Кандич не был ни первым исхитрившимся, ни последним.
Он издевался над одинокими, попавшими в беду и невидимыми миру людьми слишком, непростительно долго, но всё тайное становится явным: Приближённый Кандич был превращён в пепел Архонтом Любопытства, который затем вывел из подвала втиснутого в глубь Данверского леса дома единственную оставшуюся в живых жертву — восемнадцатилетнего сироту Себастьяна Краусса.
Который коченел от страха при виде магии, зелий, резких движений и Приближённых, и наверняка попробовал бы бежать из Оплота Надежды, вотчины лучших целителей Анкалы… если бы мог самостоятельно хотя бы ходить.

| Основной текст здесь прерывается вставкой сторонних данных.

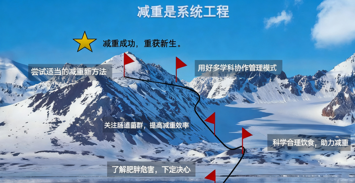 减重是系统工程,科学减重的本质是生活方式的重塑,需要整合营养、运动、心理及代谢调控等方面的知识。倡导“精准评估-阶梯干预-长期管理”模式,帮助患者实现可持续健康减重。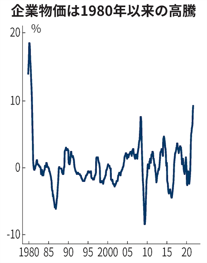 すでに、その兆候は顕著です。日銀は先日、2021年11月の企業物価指数を9.0%上昇と発表しましたが、これは41年ぶりの高騰です。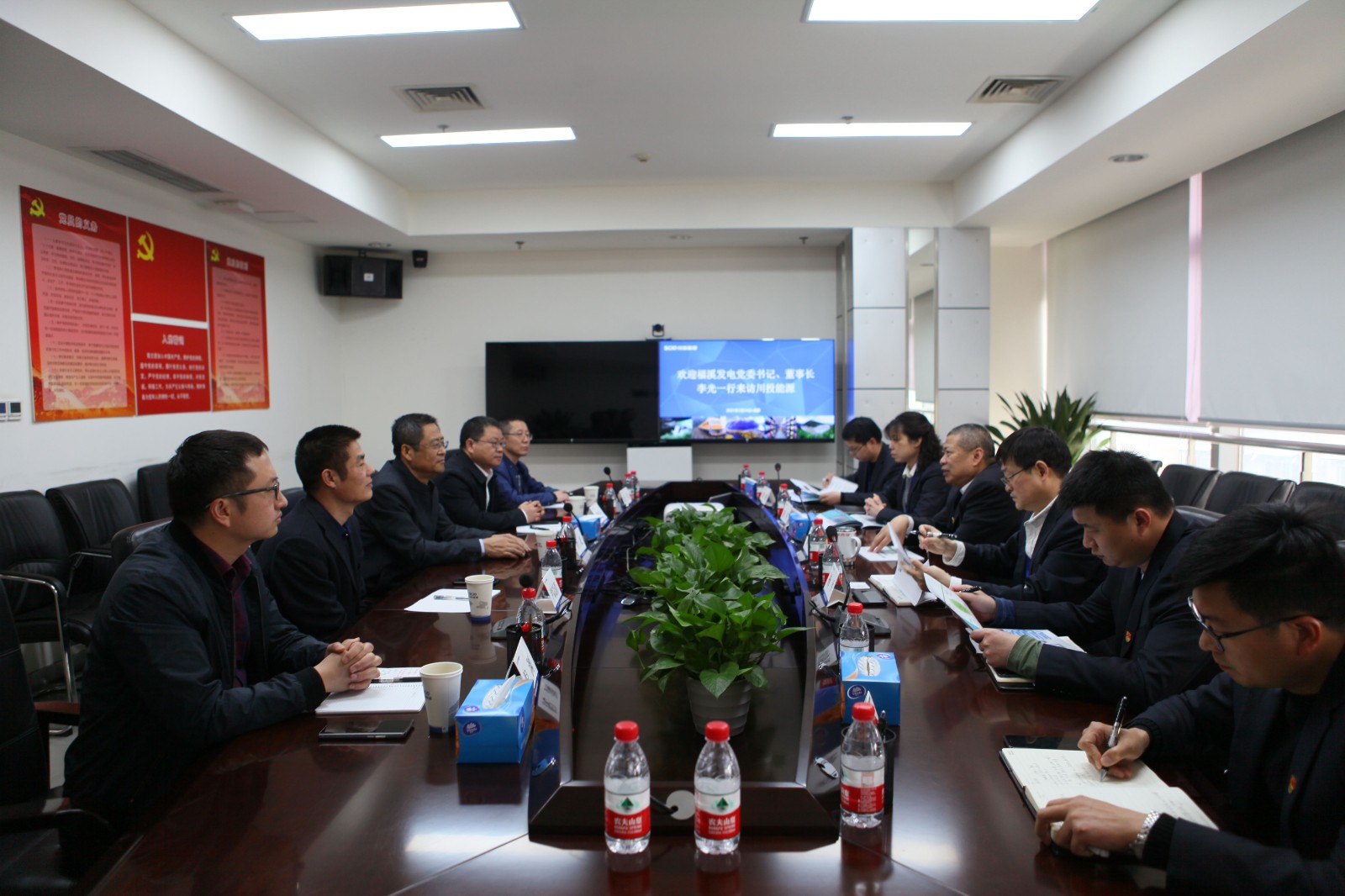中電福溪總經(jīng)理茍發(fā)全、副總經(jīng)理尹以清及營銷發(fā)展部負責同志;公司黨委委員、副總經(jīng)理楊平,黨委委員、財務(wù)總監(jiān)劉好,辦公室、戰(zhàn)略發(fā)展部、項目投資部負責人參加座談。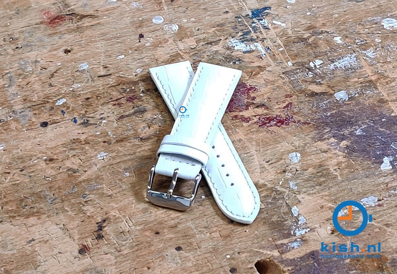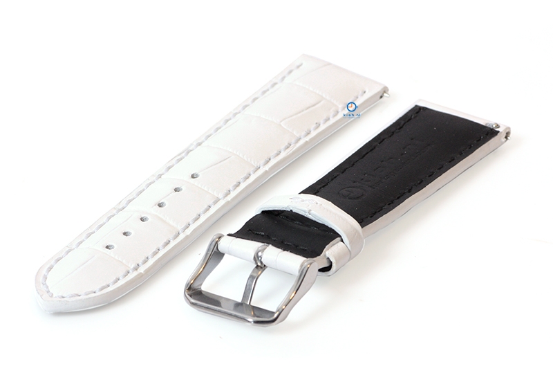 Universele horlogeband gemaakt van kalfsleer. Door de kwaliteit van het leer voelt het horlogebandje direct soepel en vormt direct goed om je pols. Toch zorgt het dikke leer voor extra stevigheid. Deze gave croco toplaag heeft een mooie frisse witte kleur, die je gemakkelijk kan combineren.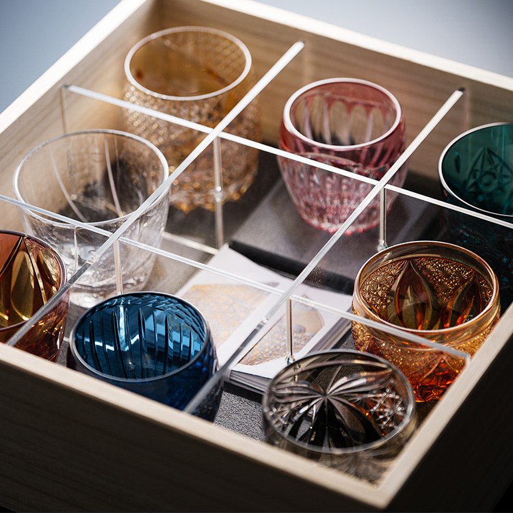 今回は、“開運”をモチーフにした江戸切子を八種類取り揃えました。専用の桐箱は置いておくだけでもサマになりますし、蓋を開ける瞬間は毎回ワクワクすることでしょう。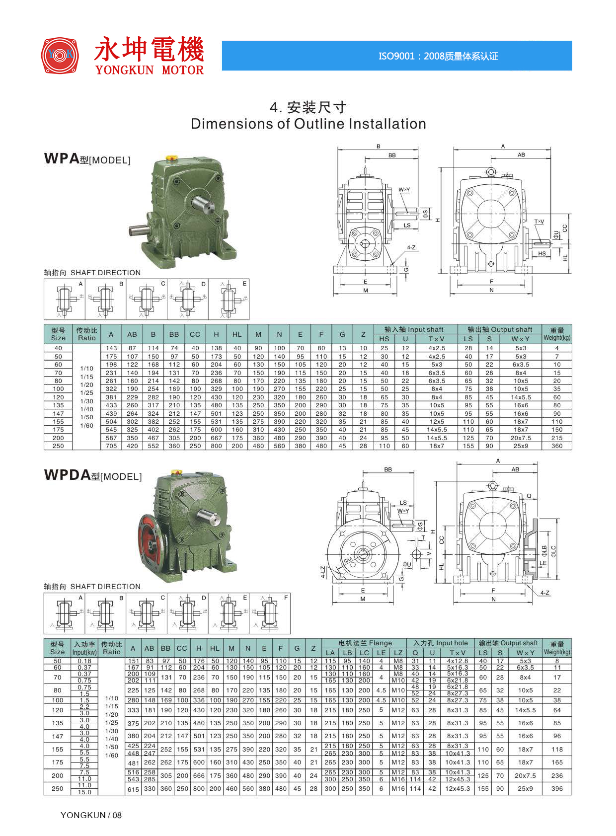 臺(tái)灣永坤WPA蝸輪蝸桿減速機(jī)
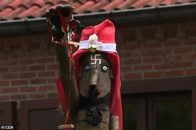 Στο κτίσμα και τον γύρω χώρο φιγουράρουν ναζιστικές σημαίες, εβραϊκά αστέρια, σβάστικες, αετοί, νεκροκεφαλές και αρχικά των SS. Μέχρι και το …σκιάχτρο του χαιρετάει ναζιστικά.

Кандич делал с его левой ногой всё, что способен измыслить насквозь больной разум: резал, колол, ломал, обжигал, пережимал, перекручивал и обливал кислотой — но почему-то именно и только с левой ногой.
Возможно, в этом крылся какой-то научный смысл. Возможно, искать новую жертву ввиду неких обстоятельств было чересчур накладно, а потому приходилось беречь имеющуюся. Возможно, Кандич утратил человечность не до конца и проявил своеобразное милосердие по каким-то личным причинам — правду уже не узнает никто и никогда.
И как бы ни было горько, отвратительному безумцу следовало отдать должное: его исследования очевидно были сравнительно успешны — у Себастьяна левая нога всё же… осталась.
Вот только «полному восстановлению она не подлежала». А сам мальчик, несмотря на все предложения и уговоры, не покидал комнату и в лучшем случае читал, а в худшем — смотрел в окно или потолок, но вряд ли что-либо видел.
И Этельберт, теоретически, был бы и рад хоть чем-нибудь посодействовать, однако помощь человеку, прошедшему через невообразимый кошмар, не просто лежала за пределом его компетентности, она к нему и близко не подходила; в особенности когда речь шла — о подростке. О чём пришлось сказать сначала Астарции, затем Уиллу, затем Приближённому Сенеки, затем Приближённой Моро — «Мне приятно, что вы находите меня располагающим, уверяю, но здесь, к сожалению, одного умения располагать абсолютно недостаточно»…
А затем в дело вмешался его сильнейшество со своим излюбленным аргументом «Попробуй, хуже тут уже не будет». И поспорить, естественно, было можно, но Этельберт предпочёл уступить.
Потому что искренне хотел — попробовать. Был, в конце концов, человеком.
В назначенный день он оделся максимально просто, перенёсся в предупреждённый и готовый подыграть Оплот Надежды, немного помялся у нужной комнаты, вошёл, улыбнулся, поздоровался, медленно сел на пол, положил руки на колени ладонями вверх (чтобы они были на виду и находились далеко от позиции жестикуляции), представился — и начал напропалую врать.